Every 10 ears after the annual federal census the House, Senate, Executive Council as well as the county and Congressional districts are eligible to be re-aligned to correspond with the population shifts. The Democrats had requested multiple times for an independent redistricting commission in order to provide a fair distribution. However, the Republican majority said no and chaired the Redistricting Review.

Locally, HB 50 moved Chatham, Hale’s Location and Eaton out of Carroll County District 2.

The Conways became a separate District 2 with three representatives. Prior to redistricting, Conway had four representatives, which included the floterial district that covered multiple towns in District 2.

The county pretty much remained the same, BUT the congressional districts were unbelievably gerrymandered to make one that heavily favored the Democrats and one that favored the Republicans. This shift really was to allow the Republicans to guarantee a seat in Congress by the way the district was structured.

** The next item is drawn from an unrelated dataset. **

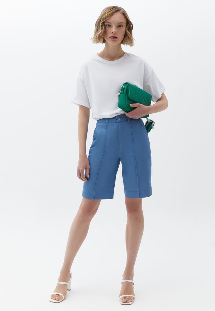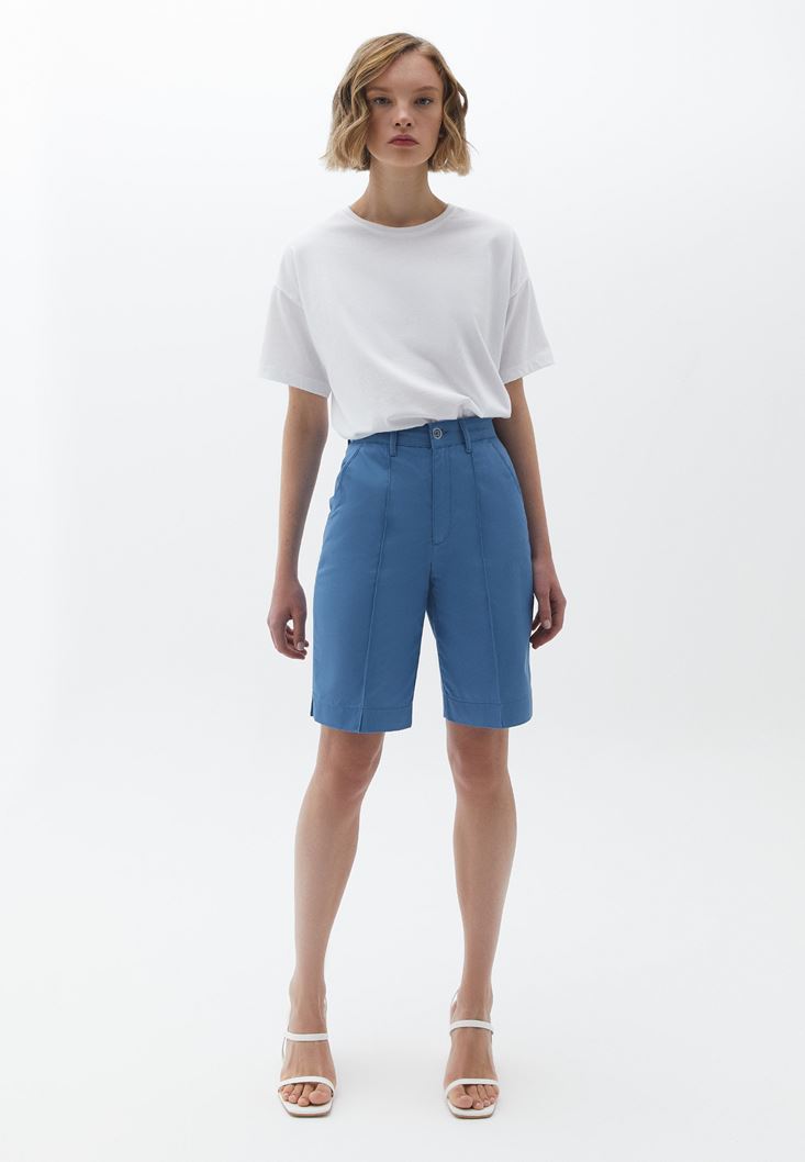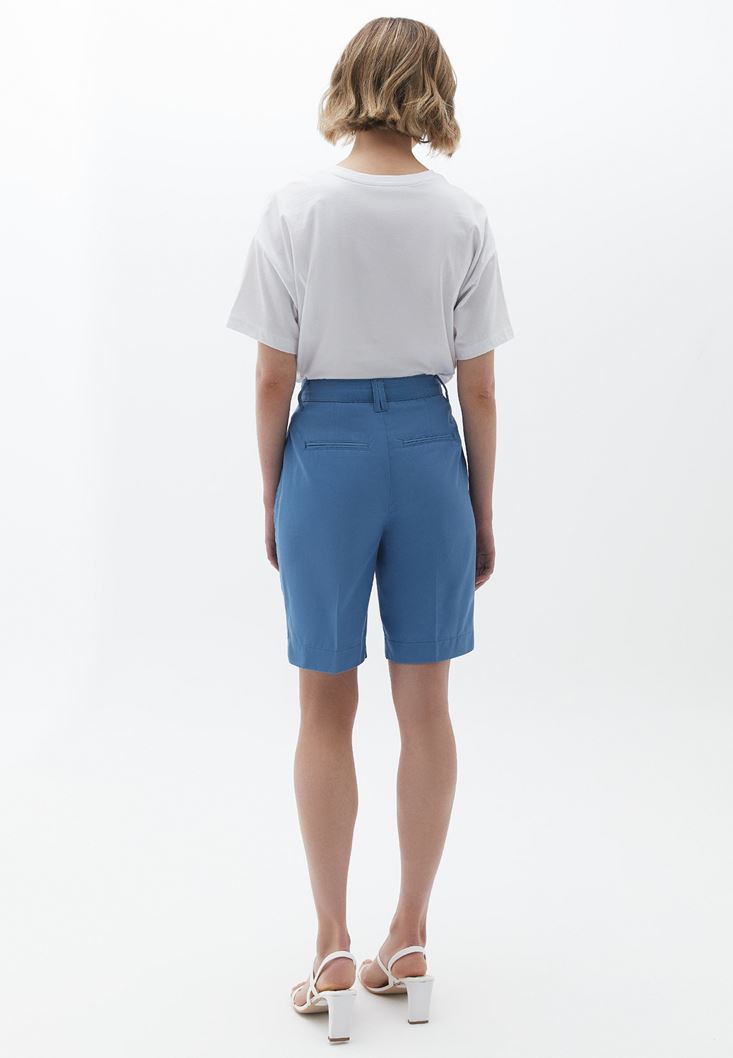 Mavi Yüksek Bel Cepli Şort ( TENCEL™ )

• HB 237, Legalization and regulation of cannabis. It would create a program to legalize recreational cannabis for adults age 21 and older, regulate its use and commercial sale and levy a tax at the point of sale.

The sale of cannabis as allowed in neighboring states is expected to yield up to $40 million annually for N.H. revenue. The Republican majority indicated possible health issues, mental health issues, opioid misuse disorder and other problems. They also had concerns that by taxing marijuana sales this could lead to a sales tax. In the 2019 session, the same bill passed with broad bipartisan support.

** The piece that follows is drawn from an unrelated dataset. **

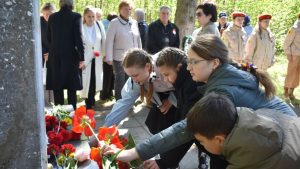 Начальник управления образования и молодежной политики Ряжского округа Галина Кирсанова поздравила всех с наступающим праздником и пожелала мира, добра и благополучия. Ученики средней школы № 4 подготовили литературную композицию. Затем все присутствующие почтили память погибших минутой молчания.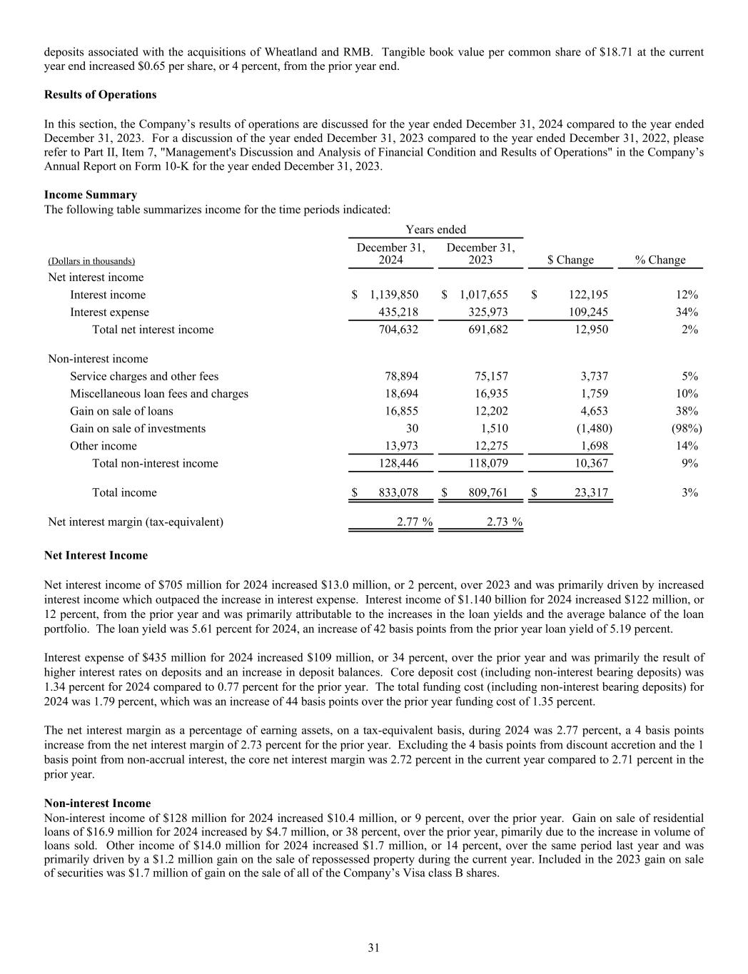 deposits associated with the acquisitions of Wheatland and RMB. Tangible book value per common share of $18.71 at the current year end increased $0.65 per share, or 4 percent, from the prior year end. Results of Operations In this section, the Company’s results of operations are discussed for the year ended December 31, 2024 compared to the year ended December 31, 2023. For a discussion of the year ended December 31, 2023 compared to the year ended December 31, 2022, please refer to Part II, Item 7, "Management's Discussion and Analysis of Financial Condition and Results of Operations" in the Company’s Annual Report on Form 10-K for the year ended December 31, 2023. Income Summary The following table summarizes income for the time periods indicated: Years ended $ Change % Change(Dollars in thousands) December 31, 2024 December 31, 2023 Net interest income Interest income $ 1,139,850 $ 1,017,655 $ 122,195 12% Interest expense 435,218 325,973 109,245 34% Total net interest income 704,632 691,682 12,950 2% Non-interest income Service charges and other fees 78,894 75,157 3,737 5% Miscellaneous loan fees and charges 18,694 16,935 1,759 10% Gain on sale of loans 16,855 12,202 4,653 38% Gain on sale of investments 30 1,510 (1,480) (98%) Other income 13,973 12,275 1,698 14% Total non-interest income 128,446 118,079 10,367 9% Total income $ 833,078 $ 809,761 $ 23,317 3% Net interest margin (tax-equivalent) 2.77 % 2.73 % Net Interest Income Net interest income of $705 million for 2024 increased $13.0 million, or 2 percent, over 2023 and was primarily driven by increased interest income which outpaced the increase in interest expense. Interest income of $1.140 billion for 2024 increased $122 million, or 12 percent, from the prior year and was primarily attributable to the increases in the loan yields and the average balance of the loan portfolio. The loan yield was 5.61 percent for 2024, an increase of 42 basis points from the prior year loan yield of 5.19 percent. Interest expense of $435 million for 2024 increased $109 million, or 34 percent, over the prior year and was primarily the result of higher interest rates on deposits and an increase in deposit balances. Core deposit cost (including non-interest bearing deposits) was 1.34 percent for 2024 compared to 0.77 percent for the prior year. The total funding cost (including non-interest bearing deposits) for 2024 was 1.79 percent, which was an increase of 44 basis points over the prior year funding cost of 1.35 percent. The net interest margin as a percentage of earning assets, on a tax-equivalent basis, during 2024 was 2.77 percent, a 4 basis points increase from the net interest margin of 2.73 percent for the prior year. Excluding the 4 basis points from discount accretion and the 1 basis point from non-accrual interest, the core net interest margin was 2.72 percent in the current year compared to 2.71 percent in the prior year. Non-interest Income Non-interest income of $128 million for 2024 increased $10.4 million, or 9 percent, over the prior year. Gain on sale of residential loans of $16.9 million for 2024 increased by $4.7 million, or 38 percent, over the prior year, pimarily due to the increase in volume of loans sold. Other income of $14.0 million for 2024 increased $1.7 million, or 14 percent, over the same period last year and was primarily driven by a $1.2 million gain on the sale of repossessed property during the current year. Included in the 2023 gain on sale of securities was $1.7 million of gain on the sale of all of the Company’s Visa class B shares. 31

• HB 275, Limit Governor State of Emergency Powers. This bill would modify the powers the Legislature grants the governor related to a state of emergency. It would allow the governor to declare three states of emergency of 21 days each.

The bill also would allow the Legislature to meet and terminate individual emergency orders. This is a significant change from the current law and moves the legislative into the executive duties of the governor versus their legislative role.

Currently, the law regarding executive orders allows the Legislature to terminate a state of emergency by concurrent resolution adopted by a majority vote of each chamber but not individual executive orders. It seems perplexing to think that during a state of emergency, 400 members of the House of Representatives would have the same access to timely data and information as the governor. Then collectively the House would meet and be able to pick and choose which emergency orders are necessary and eliminate others. Seems like a case of too many cooks in the kitchen, resulting in a spoiled recipe.

Stephen Woodcock is a Democratic state representative from Conway.